I also mentioned the size of data. Since the data is so big, maybe you don't want to incur the cost of reading in a hundred-megabyte file when you really only need the two megabytes in the middle. Cloud, much like computers have always done, can take a process that you know how to do and automate it. Then you look at it and say, "Well, why are we doing it like that? Rather than reproducing in the cloud the way we do things on premises, why don't we rethink the process? We could do things the old way, but there are a bunch of new ways of doing things possible on the cloud. Let’s look at the intent and figure out the best way to get that thing done using the cloud." You can achieve the same result done completely differently.
That process rethinking requires rethinking tool sets and mental approaches to problems, which takes time, and it takes this collaboration between the molecular and computational biologists, between the clinical people, between the IT types and the data scientists, to say, "Well, maybe it is that two megabytes in the middle you need, but you need this other megabyte over here because that's where the quality data is, and you need all of those. So, let's devise some very efficient algorithms to get that kind of information out and, therefore, save you research funding." Now you've got something that's a very different kind of thing that requires an interdisciplinary approach.
That points to another challenge beyond cost is the fact that you need so many different skillsets together to tackle these problems. Finding those under one roof is one of the reasons that the Broad exists: to put all those skillsets together. Even then, we still are reaching out constantly, trying to find who's got the best stuff inside and outside the Broad, and how do we take advantage of that to move things forward because we're not doing this out of academic interest. We're doing this to improve human health.
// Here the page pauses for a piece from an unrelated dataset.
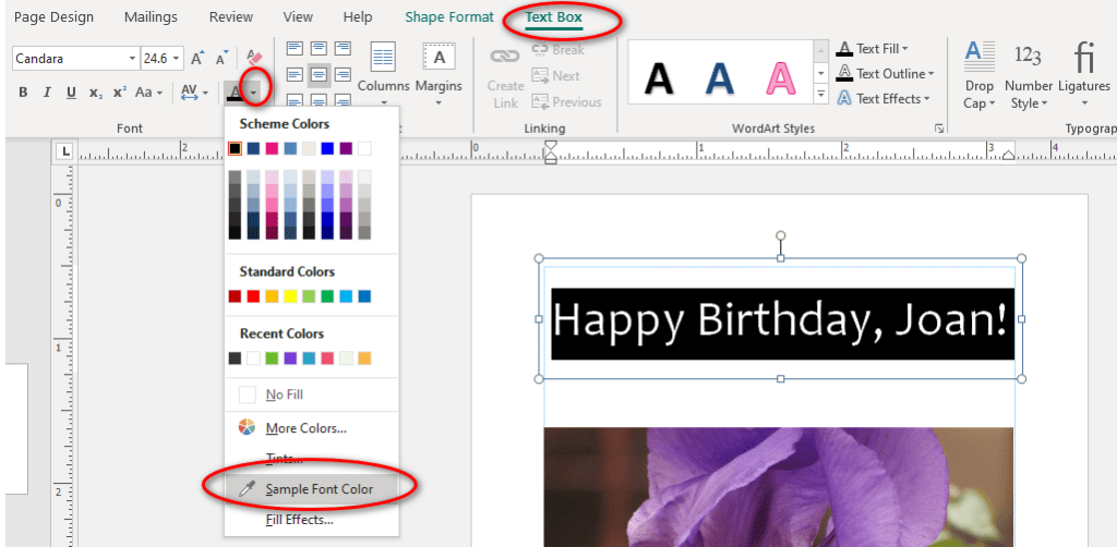 Match the color of your font to your image with the “Dropper” tool. Always select your text first BEFORE you make any changes. From the Home tab>Font section>Font Color drop-down, select the dropper icon. Your cursor will change into an eyedropper or “dropper” cursor. Click and drag the dropper over a nice dark color in your image. You will see a sample of the color in a box about the dropper. Once you find the color you like, release the mouse. Your font will match your image color exactly.

I think, personally, one the great strengths that the Broad has is so many of our researchers are MD/PhDs, or have labs directly in teaching hospitals, so they often have patients directly in mind. They can picture them in their mind's eye as they do research. They know they're going to be with them in the next number of weeks. Research is an urgent, personal thing. Psychological studies have been done that show that if you have a coupon that is exchangeable for another coupon that's worth $2, you don't value that second-level coupon that much, but you do value the $2 one. If you can remove those indirection pointers, in computer science speak, then it means more to you, and you've got greater urgency around any specific Research project. That's something that's great about the Broad is that we know we've got patients in beds, we can practically picture them. With such large teams, that personalization, that social thing, becomes that much harder.
So, yeah, there’s a whole new set of issues cloud presents. How to deal with large-scale data is an issue. Cost is an issue. The social component is an issue. Rethinking the tooling for the cloud is an issue. Collaborating at scale is an issue.